Mengapa NPWP di Coretax Bisa Nonaktif? Ini Penyebab dan Solusinya

Mengapa NPWP di Coretax Bisa Nonaktif? Ini Penyebab dan Solusinya

Cara mengaktifkan NPWP tidak aktif di Coretax menjadi salah satu hal penting yang perlu Anda pahami, terutama jika tiba-tiba menemukan status NPWP berubah menjadi non-efektif (NE). Perubahan status ini bisa terjadi karena berbagai kesalahan administratif, namun jangan khawatir karena NPWP yang nonaktif masih bisa Anda aktivasi kembali secara online.

Lantas, bagaimana langkah-langkah untuk mengaktifkannya kembali? Penjelasan lengkapnya ada di sini!

Mengapa NPWP Bisa Nonaktif di Coretax?

Cara mengaktifkan NPWP tidak aktif di Coretax

Sebelum membahas tentang cara mengaktifkan NPWP tidak aktif di Coretax, mari kita pahami dahulu penyebab nonaktifnya.
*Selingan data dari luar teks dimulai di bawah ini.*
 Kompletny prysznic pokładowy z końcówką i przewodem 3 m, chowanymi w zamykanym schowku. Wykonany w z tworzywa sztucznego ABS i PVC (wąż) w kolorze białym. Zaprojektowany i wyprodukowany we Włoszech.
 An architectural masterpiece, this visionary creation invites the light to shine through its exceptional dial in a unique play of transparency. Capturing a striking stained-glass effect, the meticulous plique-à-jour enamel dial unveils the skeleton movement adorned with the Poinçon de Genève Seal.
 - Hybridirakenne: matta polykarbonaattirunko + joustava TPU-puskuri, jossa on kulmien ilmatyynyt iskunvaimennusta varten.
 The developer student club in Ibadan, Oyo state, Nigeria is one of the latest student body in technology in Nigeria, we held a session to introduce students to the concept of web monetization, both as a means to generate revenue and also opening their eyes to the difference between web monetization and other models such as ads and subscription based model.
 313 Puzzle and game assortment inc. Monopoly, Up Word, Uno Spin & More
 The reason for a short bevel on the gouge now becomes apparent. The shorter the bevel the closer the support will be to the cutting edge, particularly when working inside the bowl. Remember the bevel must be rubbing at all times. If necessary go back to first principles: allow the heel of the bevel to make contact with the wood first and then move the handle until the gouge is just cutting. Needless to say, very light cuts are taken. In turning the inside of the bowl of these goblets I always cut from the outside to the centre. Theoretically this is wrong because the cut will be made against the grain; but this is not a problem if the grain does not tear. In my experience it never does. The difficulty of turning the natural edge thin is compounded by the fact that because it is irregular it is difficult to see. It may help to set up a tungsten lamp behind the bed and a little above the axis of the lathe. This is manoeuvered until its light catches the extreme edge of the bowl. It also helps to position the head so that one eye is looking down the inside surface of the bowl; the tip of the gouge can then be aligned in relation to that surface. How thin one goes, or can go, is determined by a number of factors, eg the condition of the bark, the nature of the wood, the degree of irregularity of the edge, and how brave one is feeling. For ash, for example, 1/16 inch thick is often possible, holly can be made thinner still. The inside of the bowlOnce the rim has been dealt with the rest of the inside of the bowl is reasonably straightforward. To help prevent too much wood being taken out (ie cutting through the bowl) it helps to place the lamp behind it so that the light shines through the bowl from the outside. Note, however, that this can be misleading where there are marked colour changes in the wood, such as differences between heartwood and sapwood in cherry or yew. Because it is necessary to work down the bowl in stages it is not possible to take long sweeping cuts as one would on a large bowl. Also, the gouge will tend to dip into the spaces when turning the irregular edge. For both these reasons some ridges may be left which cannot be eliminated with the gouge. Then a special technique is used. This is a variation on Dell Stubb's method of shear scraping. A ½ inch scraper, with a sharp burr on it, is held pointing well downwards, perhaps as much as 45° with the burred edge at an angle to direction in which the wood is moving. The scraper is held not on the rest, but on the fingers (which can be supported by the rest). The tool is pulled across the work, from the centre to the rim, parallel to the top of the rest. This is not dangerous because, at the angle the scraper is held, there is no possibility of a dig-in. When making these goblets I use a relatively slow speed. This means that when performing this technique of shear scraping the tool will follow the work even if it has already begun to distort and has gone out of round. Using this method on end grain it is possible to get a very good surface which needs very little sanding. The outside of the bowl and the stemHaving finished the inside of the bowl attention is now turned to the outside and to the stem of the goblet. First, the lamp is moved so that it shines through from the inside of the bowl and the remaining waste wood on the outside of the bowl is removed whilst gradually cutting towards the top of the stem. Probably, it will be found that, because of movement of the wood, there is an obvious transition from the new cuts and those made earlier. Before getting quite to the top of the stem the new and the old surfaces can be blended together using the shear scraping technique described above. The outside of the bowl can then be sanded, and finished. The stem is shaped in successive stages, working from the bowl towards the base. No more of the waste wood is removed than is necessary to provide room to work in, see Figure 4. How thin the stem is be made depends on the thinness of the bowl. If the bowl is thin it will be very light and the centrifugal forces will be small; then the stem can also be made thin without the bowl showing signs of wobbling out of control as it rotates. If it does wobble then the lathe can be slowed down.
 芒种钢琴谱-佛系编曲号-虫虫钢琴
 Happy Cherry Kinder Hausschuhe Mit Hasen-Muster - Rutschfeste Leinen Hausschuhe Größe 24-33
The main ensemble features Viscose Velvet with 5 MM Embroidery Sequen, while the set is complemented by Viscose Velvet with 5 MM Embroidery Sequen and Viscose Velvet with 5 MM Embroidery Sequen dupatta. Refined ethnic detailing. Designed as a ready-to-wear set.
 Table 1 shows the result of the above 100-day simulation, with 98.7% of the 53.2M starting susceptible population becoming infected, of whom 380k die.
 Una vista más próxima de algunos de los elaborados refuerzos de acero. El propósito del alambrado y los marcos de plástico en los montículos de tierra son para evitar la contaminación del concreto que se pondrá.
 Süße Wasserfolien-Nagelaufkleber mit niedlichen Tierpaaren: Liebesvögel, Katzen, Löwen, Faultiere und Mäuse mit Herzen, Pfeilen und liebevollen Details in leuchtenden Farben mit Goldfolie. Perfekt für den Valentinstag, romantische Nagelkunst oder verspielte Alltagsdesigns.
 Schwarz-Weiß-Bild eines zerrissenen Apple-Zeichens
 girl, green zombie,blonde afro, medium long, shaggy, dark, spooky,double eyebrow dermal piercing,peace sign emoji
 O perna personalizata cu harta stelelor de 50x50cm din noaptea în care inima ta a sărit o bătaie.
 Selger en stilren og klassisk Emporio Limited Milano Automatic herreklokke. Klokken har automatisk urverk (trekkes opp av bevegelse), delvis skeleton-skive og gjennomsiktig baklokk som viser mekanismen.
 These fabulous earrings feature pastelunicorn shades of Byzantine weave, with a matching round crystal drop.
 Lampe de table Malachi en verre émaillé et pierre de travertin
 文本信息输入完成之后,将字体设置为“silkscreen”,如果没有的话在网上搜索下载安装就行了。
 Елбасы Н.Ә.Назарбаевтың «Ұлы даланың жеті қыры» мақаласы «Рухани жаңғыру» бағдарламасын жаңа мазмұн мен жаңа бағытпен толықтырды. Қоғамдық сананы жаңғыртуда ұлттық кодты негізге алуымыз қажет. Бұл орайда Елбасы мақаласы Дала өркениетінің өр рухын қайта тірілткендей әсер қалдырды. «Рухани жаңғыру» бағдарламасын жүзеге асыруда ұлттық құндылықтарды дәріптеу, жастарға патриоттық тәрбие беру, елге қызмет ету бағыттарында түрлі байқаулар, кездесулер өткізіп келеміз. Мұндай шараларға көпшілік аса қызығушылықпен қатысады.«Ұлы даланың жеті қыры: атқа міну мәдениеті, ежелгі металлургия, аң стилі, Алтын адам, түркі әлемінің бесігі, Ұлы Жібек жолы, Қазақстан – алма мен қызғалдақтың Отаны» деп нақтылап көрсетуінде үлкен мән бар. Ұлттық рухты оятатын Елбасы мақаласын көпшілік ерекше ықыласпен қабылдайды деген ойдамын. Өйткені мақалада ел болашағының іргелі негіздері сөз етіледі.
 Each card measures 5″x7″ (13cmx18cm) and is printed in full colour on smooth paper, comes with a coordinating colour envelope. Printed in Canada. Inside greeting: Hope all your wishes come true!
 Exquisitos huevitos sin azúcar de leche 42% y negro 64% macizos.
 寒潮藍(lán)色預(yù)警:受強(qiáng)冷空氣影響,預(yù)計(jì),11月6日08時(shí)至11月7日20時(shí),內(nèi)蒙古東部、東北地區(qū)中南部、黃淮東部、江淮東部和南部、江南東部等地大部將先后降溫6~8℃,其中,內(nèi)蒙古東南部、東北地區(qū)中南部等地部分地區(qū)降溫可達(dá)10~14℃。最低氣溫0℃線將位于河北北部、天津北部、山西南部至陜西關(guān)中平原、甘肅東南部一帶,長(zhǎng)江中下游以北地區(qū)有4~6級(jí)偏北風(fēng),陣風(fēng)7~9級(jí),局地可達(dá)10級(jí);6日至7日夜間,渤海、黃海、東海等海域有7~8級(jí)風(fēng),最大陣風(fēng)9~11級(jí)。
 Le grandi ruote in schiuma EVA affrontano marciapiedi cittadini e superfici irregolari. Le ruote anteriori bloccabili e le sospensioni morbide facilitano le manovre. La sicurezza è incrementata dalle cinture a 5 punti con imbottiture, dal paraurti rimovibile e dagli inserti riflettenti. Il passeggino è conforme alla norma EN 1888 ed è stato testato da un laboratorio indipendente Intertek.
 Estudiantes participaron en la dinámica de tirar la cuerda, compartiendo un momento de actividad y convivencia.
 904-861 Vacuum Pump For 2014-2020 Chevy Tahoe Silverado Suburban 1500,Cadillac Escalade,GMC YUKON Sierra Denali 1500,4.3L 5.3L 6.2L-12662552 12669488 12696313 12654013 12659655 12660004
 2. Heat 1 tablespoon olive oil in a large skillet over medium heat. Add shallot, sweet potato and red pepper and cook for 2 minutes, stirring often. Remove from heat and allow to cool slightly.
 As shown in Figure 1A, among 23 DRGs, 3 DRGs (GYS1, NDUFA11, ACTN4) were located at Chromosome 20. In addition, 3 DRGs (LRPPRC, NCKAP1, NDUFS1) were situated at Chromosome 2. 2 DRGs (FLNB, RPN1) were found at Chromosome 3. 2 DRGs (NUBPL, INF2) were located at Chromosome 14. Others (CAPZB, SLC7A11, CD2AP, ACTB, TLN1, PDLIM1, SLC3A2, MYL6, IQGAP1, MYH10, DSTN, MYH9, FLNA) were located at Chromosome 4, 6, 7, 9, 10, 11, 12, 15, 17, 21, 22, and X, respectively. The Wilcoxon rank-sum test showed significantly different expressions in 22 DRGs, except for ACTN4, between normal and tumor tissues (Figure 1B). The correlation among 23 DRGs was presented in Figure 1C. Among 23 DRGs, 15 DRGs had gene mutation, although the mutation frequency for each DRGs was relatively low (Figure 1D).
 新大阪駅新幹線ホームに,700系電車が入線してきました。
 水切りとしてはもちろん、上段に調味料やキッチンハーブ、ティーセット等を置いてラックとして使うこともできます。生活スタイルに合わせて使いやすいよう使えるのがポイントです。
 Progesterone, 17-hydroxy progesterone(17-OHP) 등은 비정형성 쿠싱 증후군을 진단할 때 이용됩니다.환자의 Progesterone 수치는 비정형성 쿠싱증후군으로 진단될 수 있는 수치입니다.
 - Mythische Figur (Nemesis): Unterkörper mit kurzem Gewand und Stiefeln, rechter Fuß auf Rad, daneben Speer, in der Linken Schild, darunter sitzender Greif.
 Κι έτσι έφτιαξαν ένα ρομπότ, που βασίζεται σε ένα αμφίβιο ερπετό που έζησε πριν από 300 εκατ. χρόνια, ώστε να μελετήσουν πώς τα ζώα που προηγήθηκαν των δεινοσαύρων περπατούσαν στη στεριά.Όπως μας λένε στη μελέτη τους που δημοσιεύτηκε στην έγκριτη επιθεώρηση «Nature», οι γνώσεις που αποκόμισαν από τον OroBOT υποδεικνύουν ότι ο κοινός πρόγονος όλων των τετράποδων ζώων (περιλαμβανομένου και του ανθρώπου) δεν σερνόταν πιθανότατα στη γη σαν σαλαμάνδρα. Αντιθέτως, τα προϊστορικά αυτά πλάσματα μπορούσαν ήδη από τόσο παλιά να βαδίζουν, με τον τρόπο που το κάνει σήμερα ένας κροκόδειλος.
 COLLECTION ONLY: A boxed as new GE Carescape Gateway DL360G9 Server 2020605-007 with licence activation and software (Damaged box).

Status NPWP yang dinyatakan nonaktif menunjukkan bahwa Wajib Pajak tidak lagi memenuhi syarat subjektif dan/atau objektif sesuai ketentuan perpajakan, namun data NPWP-nya masih terdaftar di sistem alias belum dihapus permanen.

Penyebab nonaktifnya bervariasi, di antaranya:

1. Penghasilan di Bawah Batas PTKP atau Bahkan Tidak Berpenghasilan

Status NPWP Anda bisa berubah menjadi tidak aktif apabila penghasilan Anda berada di bawah batas Penghasilan Tidak Kena Pajak (PTKP), atau bahkan Anda sudah tidak memiliki penghasilan sama sekali. Misalnya, Anda sudah berhenti bekerja atau tidak lagi menjalankan usaha/bisnis dalam waktu yang lama.

2. Tidak Lagi Memenuhi Syarat sebagai Wajib Pajak

Selain karena penghasilan, status on-efektif (NE) pada NPWP juga bisa disebabkan oleh perubahan status Anda sebagai Wajib Pajak. Misalnya, Anda sebelumnya bekerja di perusahaan tertentu lalu beralih profesi menjadi ibu rumah tangga atau mahasiswa. 

Bagi Anda yang termasuk pensiunan (yang tidak memiliki usaha atau penghasilan di atas PTKP) juga tidak berkewajiban membayar pajak, karena tidak lagi memenuhi syarat objektif sebagai Wajib Pajak. Oleh sebab itu, status NPWP pensiunan pun dapat berubah menjadi non-efektif.

Meski begitu, NPWP tersebut masih tercatat di sistem. Jadi, apabila seorang pensiunan, IRT, bahkan mahasiswa yang nantinya membangun usaha di kemudian hari, ia bisa mencari cara mengaktifkan NPWP tidak aktif di Coretax supaya kembali memenuhi kriteria Wajib Pajak.

3. Perusahaan Dibubarkan atau Ditutup

Untuk Wajib Pajak badan atau perusahaan, status NE pada NPWP dapat terjadi ketika perusahaan telah resmi dibubarkan, ditutup, atau tidak lagi menjalankan kegiatan operasional. DJP akan menonaktifkan NPWP badan tersebut hingga seluruh kewajiban perpajakan diselesaikan. 

4. Pindah atau Bekerja ke Luar Negeri

Apakah Anda pindah domisili ke luar negeri untuk bekerja, belajar, atau menetap dalam jangka panjang? Jika iya, kondisi tersebut juga bisa menjadi alasan mengapa NPWP Anda berstatus nonaktif. 

Wajib Pajak yang tinggal di luar negeri selama minimal 183 hari dalam 1 tahun dan tidak lagi memiliki penghasilan yang bersumber dari Indonesia dapat mengajukan permohonan penonaktifan NPWP. 

Selain itu, apabila Anda berpindah domisili ke luar wilayah kerja Kantor Pelayanan Pajak (KPP) tempat NPWP sebelumnya terdaftar, sistem juga dapat menandai NPWP tersebut sebagai non-efektif sementara waktu. Status ini akan tetap berlaku hingga seluruh proses administrasi perpindahan data dan pemutakhiran alamat selesai dilakukan oleh otoritas pajak.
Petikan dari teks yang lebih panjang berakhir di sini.